Like paying by debit or credit, it can be quite easy to lose track of how much sugar we eat throughout the day. If we set our daily limit to 24 grams per day, then one small carton of chocolate milk is all it takes to throw us off. One of those delicious babies contains 30g of sugar. Not bad. It does have vitamins that could benefit us but my point is the rest of your daily intake have been maxed out. If you’re serious about reducing sugar, then don’t go for a latte in the afternoon. Taking a look at the Starbucks Canada nutritional menu… hm, it seems most of their lattes, grande and up, are double the daily limit. Even the tall and shorts are in the teens and 20+s depending on the fanciness of your drink. So if you have a morning chocolate milk then a latte later on, you’ve already exceeded the 24 grams.

Fortunately, we can ask the barista to use half sugar or a lower amount.

Office meeting? If someone brought timbits, you’re looking at an additional 1 gram for each plain one and up to 7 grams the fancier they go. If they brought actual donuts, they are in the double digits and well into the 20s depending on how fancy the donuts are. Low fat muffins contain 24 to 30 grams. Did someone bring chocolates into the cubicle farm? Uh oh…

Can you carry over to the next day if you binge?

Um, no. If we could, then we’d cave in and go back to where we started.

I’m not trying to spoil your fun. Just helping you stay focused on your goal. Check the labels and set a daily limit of how much sugar to ingest.

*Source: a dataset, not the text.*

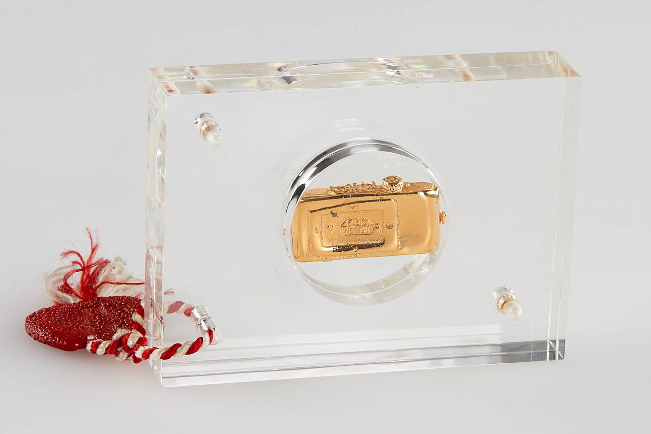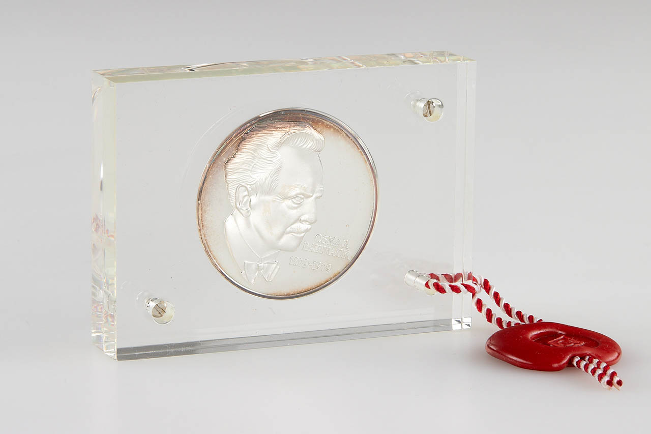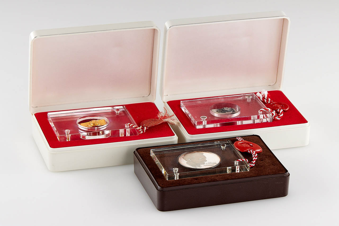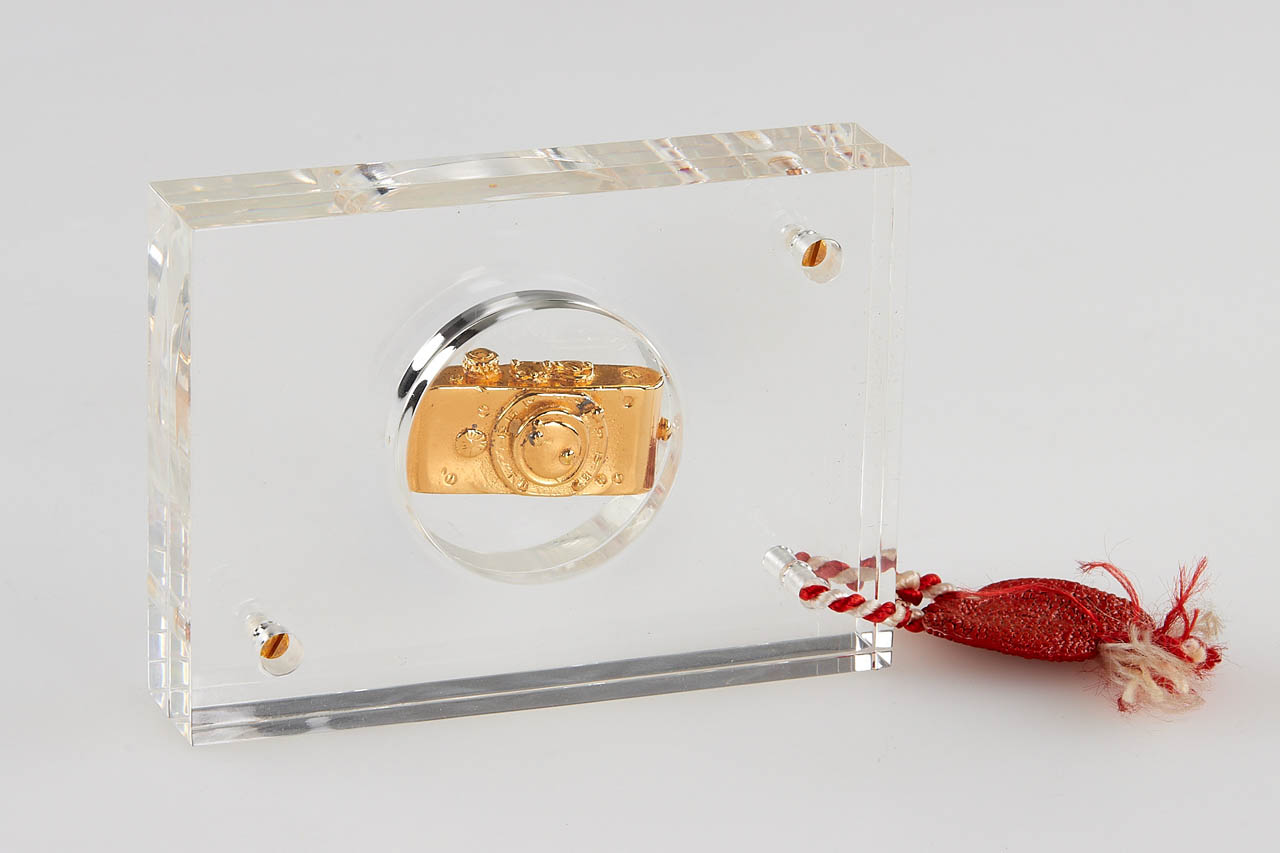 Very nice set including an Ur-Leica miniature in 800 silver gold plated, Ur-Leica miniature in 800 silver and commemorative silver coin 'Oskar Barnak 1879-1979', all in acryl glass and plastic boxes.
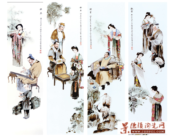 他的人物畫題材主要是以古典仕女、歷史故事、文人生活等內(nèi)容成為描繪的主題。他的粉彩作品《登高圖》,就是涂良如藝術(shù)心境最完美的詮釋。作品以氣勢(shì)雄渾的山水為背景,畫風(fēng)高古清奇,線條柔中帶剛。畫面中人物繁多,但不論遠(yuǎn)近高低,人物神態(tài)各異、面部表情生動(dòng)細(xì)致。整個(gè)畫面看似隨意而為,實(shí)則法度嚴(yán)謹(jǐn)。涂良如以富有意味的造型、筆墨、色彩、以及豐富的想象力,生動(dòng)地再現(xiàn)了古代歷史人物形象。正因?yàn)橥苛既缬幸环N不流于世俗的安靜心境,才可畫得出如此沉靜的美,以及那份悠然于世外的的曠達(dá),顯示出他精神上的高貴與誠(chéng)實(shí)。涂良如粉彩作品如《琴棋書畫》四條屏、《霓裳羽衣舞》瓷板也是他最具代表性的經(jīng)典之作。畫面背景雖然簡(jiǎn)略,但留給人廣闊的想象空間,畫中有畫極具縱深感。人物神情和心理的描寫細(xì)膩,畫面極具情節(jié)性,墨與色在無(wú)聲碰撞中,幻化出一幅幅逝去的古代人物靈動(dòng)的生活場(chǎng)景。

At the vey least you can prevent yourself from binging and feel good about staying on track.

So is sugar good for you then? I mean, if there’s a recommended daily intake…

There’s a limit to how much your liver can handle. Go over that limit and you start getting the unhealthy side effects. According to a few research studies mentioned in the random infographics above (I mean, I didn’t actually conduct an exhaustive background check), 24 grams if you’re a woman, 36 if you’re a man, and 12 if you’re a kid.

Sugar contains two molecules. Glucose and fructose. Glucose is good. Fructose is bad. Glucose is good because every cell in our body uses it for energy. But we don’t need boat loads of it. Fructose is the bad one that, long story short, turns into fat. So the whole 12-36 numbers above, I safely assume, refer to the limits our liver can handle.

When you read the list of ingredients on food labels, look for fructose (or corn syrup). This stuff is in everything. Peanut butter, yogurts, fruit drinks, low fat this, fat free that, you name it. See why I said earlier to avoid processed food as much as possible?

Wait, there’s a recommended daily intake of sugar?

Yeah, I’m surprised as well. But this is the reason why I started this blog. To learn about sugar and it’s affects. Could there be a good side to sugar? Is there a consequence to not ingesting sugar? Looks like I’ll be learning some new things with this blog!

Chime in with your learnings and help me, um, learn something new.